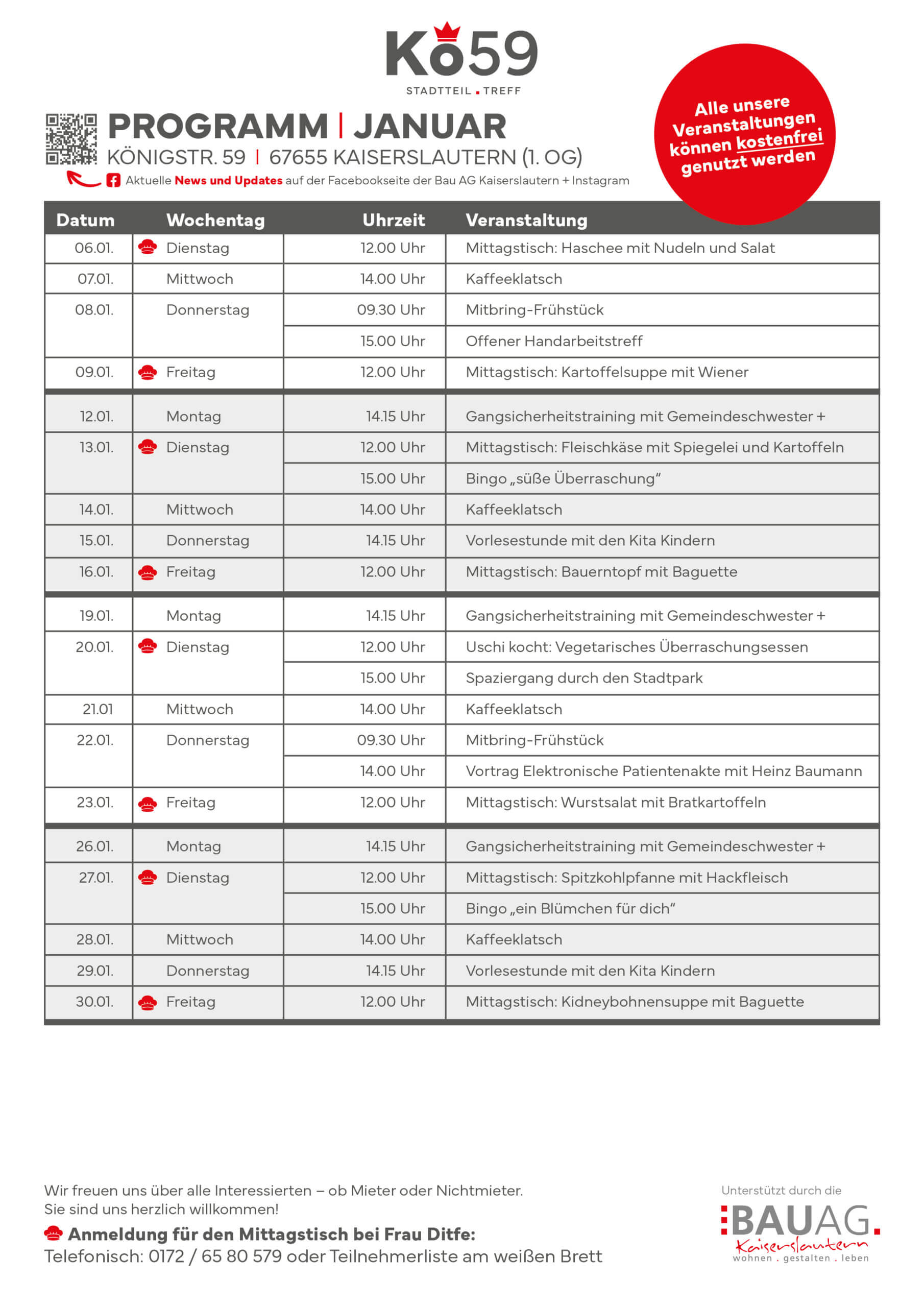 Der „Stadtteil-Treff KÖ 59“, in der Königstraße 59, hat so einiges zu bieten. Das erwartet Sie im Monat Januar 2026:
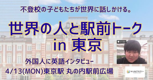 不登校オルタナティブスクール小中一貫校NIJINアカデミー(運営:株式会社NIJIN/所在地:東京都江東区/代表:星野達郎) は、2026年4月13日、東京駅丸の内駅前広場にて、不登校の子どもたちが外国人観光客へ英語でインタビューを行うプロジェクト「世界の人と駅前トーク in 東京」 を実施します。
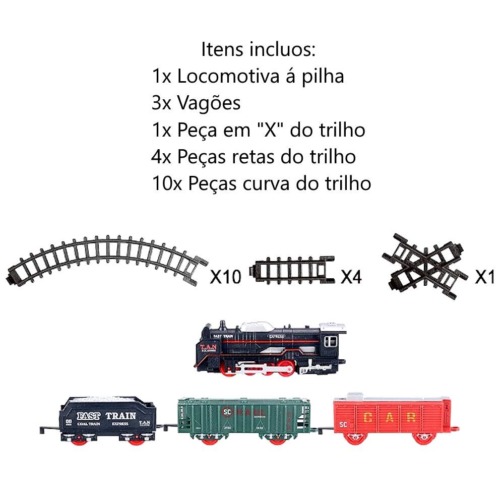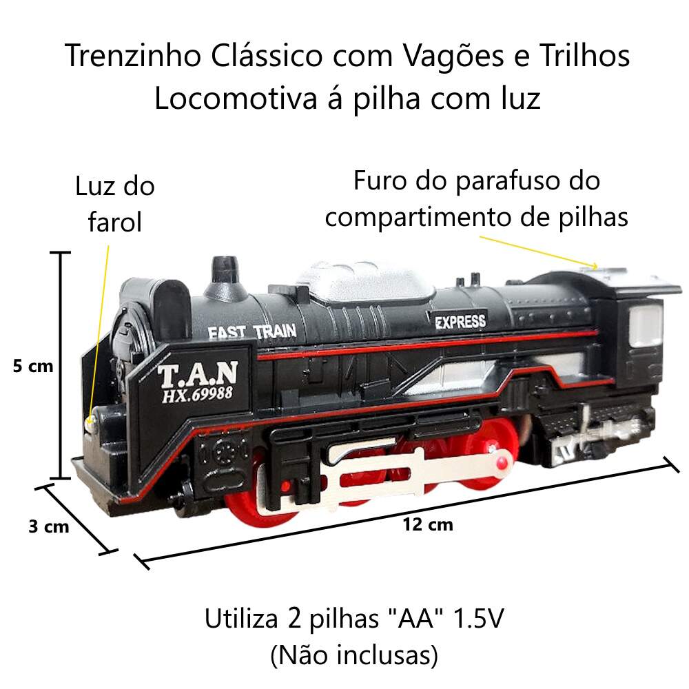 Trenzinho Clássico Ferroviário de Brinquedo Locomotiva com 3 Vagões de Carga 15 Trilhos com Luz
= = = = = = =
Please output the data above exactly as given, omitting every picture.

## REPLY TO THE EXERCISE
 Der „Stadtteil-Treff KÖ 59“, in der Königstraße 59, hat so einiges zu bieten. Das erwartet Sie im Monat Januar 2026:
 不登校オルタナティブスクール小中一貫校NIJINアカデミー(運営:株式会社NIJIN/所在地:東京都江東区/代表:星野達郎) は、2026年4月13日、東京駅丸の内駅前広場にて、不登校の子どもたちが外国人観光客へ英語でインタビューを行うプロジェクト「世界の人と駅前トーク in 東京」 を実施します。
 Trenzinho Clássico Ferroviário de Brinquedo Locomotiva com 3 Vagões de Carga 15 Trilhos com Luz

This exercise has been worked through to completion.